Holloway, who flies for Holloway Air Service in Shaw, estimates that 30 percent of his business includes the aerial application of cotton defoliants –little of which has been applied in the Mississippi Delta region this fall.
“The effects of a prolonged grounding order would have been disastrous for aerial applicators,” he said. “We rely on the income from cotton defoliation to keep us in business.
“I was about two days behind schedule when they grounded us for the second time in a week. Now, at least, we can get back to the business of flying,” he says.
The only real restriction aerial applicator pilots were given to be able to take flight again is to stay out of controlled air space, which is basically that area in the immediate vicinity of commercial airports.
When the second grounding order came on Sept. 16, Holloway says he was notified by the Mississippi Agricultural Aviation Board to lock up his plane because the FAA had grounded all general aviation, including aerial applicator services, indefinitely.
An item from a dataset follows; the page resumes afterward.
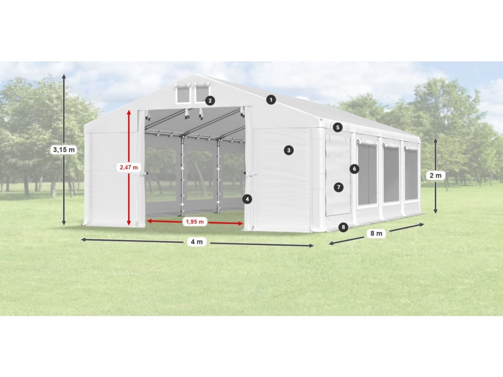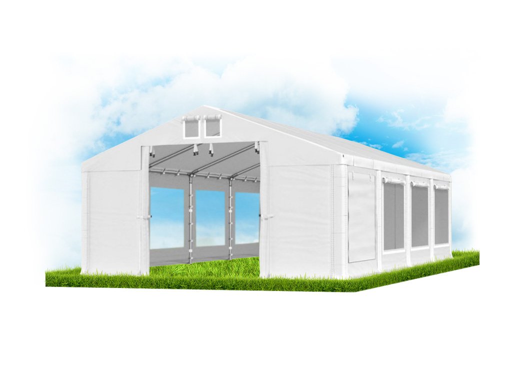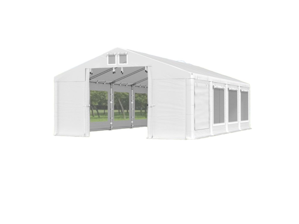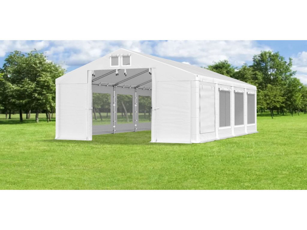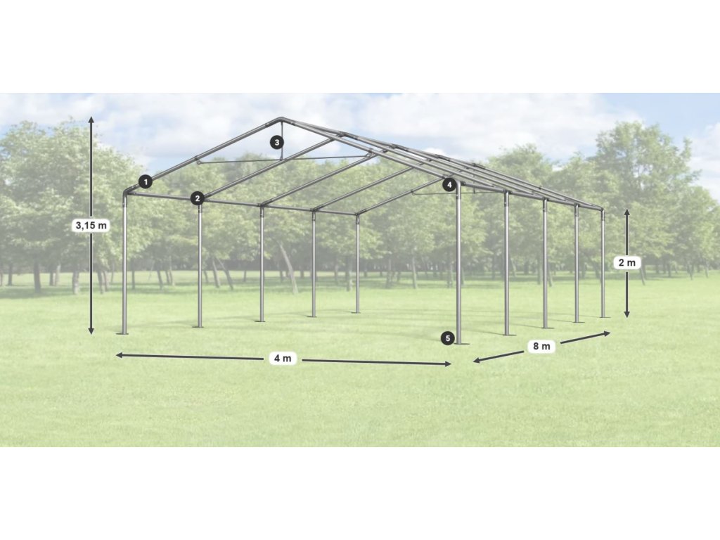 Pártystan v rozmere 4x8m s výškou 2m, opláštenie 560g/m2 s moskytierkou je výborný na rôzne akcie, alebo festivaly. Hrubá oceľová konštrukcia zabezpečuje odolnosť proti poveternostným podmienkam, stan je vyrobený z ľahkého materiálu, ktorý je veľmi odolný voči UV žiareniu, vode a plesniam. Partystan je skvelým riešením pre všetkých, ktorí chcú vytvoriť dokonalú atmosféru pre svoje párty, bez ohľadu na poveternostné podmienky. Tieto veľké stany sú navrhnuté tak, aby poskytovali dostatok priestoru pre hostí a zároveň ich chránili pred dažďom, vetrom alebo silným slnkom.

“We were grounded until further notice with no explanation. As a result, we couldn’t afford to do anything but sit around and wait to see when, and if, we’d be allowed back up in the air.”
In the approximately 30 hours that followed, Holloway says, “They didn’t tell us anything. I wasn’t able to get information out of Washington, D.C. about what was going on, or what we could expect in the near future.”
Holloway estimates that there are 250 registered pilots in Mississippi working at 120 aerial applicator operations.
In recent days, FBI agents have visited several aerial applicators and flight schools asking questions, say applicators Farm Press has spoken with.
“They want to know about any student pilots over the last few years, about security around the planes, about anyone hanging around that shouldn’t be,” said Mark Hartz, treasurer of the National Agricultural Aviation Association and an applicator operating outside Stuttgart, Ark.
Prior to the latest flight ban being lifted on Sept. 17, Hartz says the FBI seemed very concerned about airplanes parked outside hangers. Any plane sitting outside, exposed and easily approached, they wanted rendered inoperable.
“That usually meant taking the batteries out,” says Hartz.
Late Monday afternoon, Hartz got the FAA call allowing pilots back into the air. He says there was a difference this time, though.
“It wasn’t a sentence they used before like, ‘You're cleared to fly at 11 a.m.’ This time the caller said, ‘You’re cleared to fly.’ Period. That leads me to think we’ll not be jerked back down so quickly.”
What changed the FAA's mind? Hartz isn’t sure, “but a couple of days ago, applicators got together with economists and prepared a report quantifying how much applicators sitting idle could cost. I’m not sure who we got to listen to our concerns, but the right person obviously heard.”
Hartz says the statistical service at the University of Arkansas gathered numbers for cotton, rice and soybeans in the state. Collectively, the potential lost revenue by aerial applicators as well as yield losses equaled $48 million in Arkansas alone.
“If one state stood to lose that much, imagine what the number must have been for the whole Delta, or the whole nation. We don’t know exactly which argument got them to listen, but those huge numbers surely played a part.”
In a conference call with the NAAA executive committee on Monday, Hartz says the scope of the problem became obvious.
“Someone brought up the fact that potato farming in the U.S. was facing trouble next year if applicators weren’t allowed back into the air. Apparently, late blight is hitting seed potatoes up north and they need spraying. No spraying could mean not enough potatoes to plant next year.”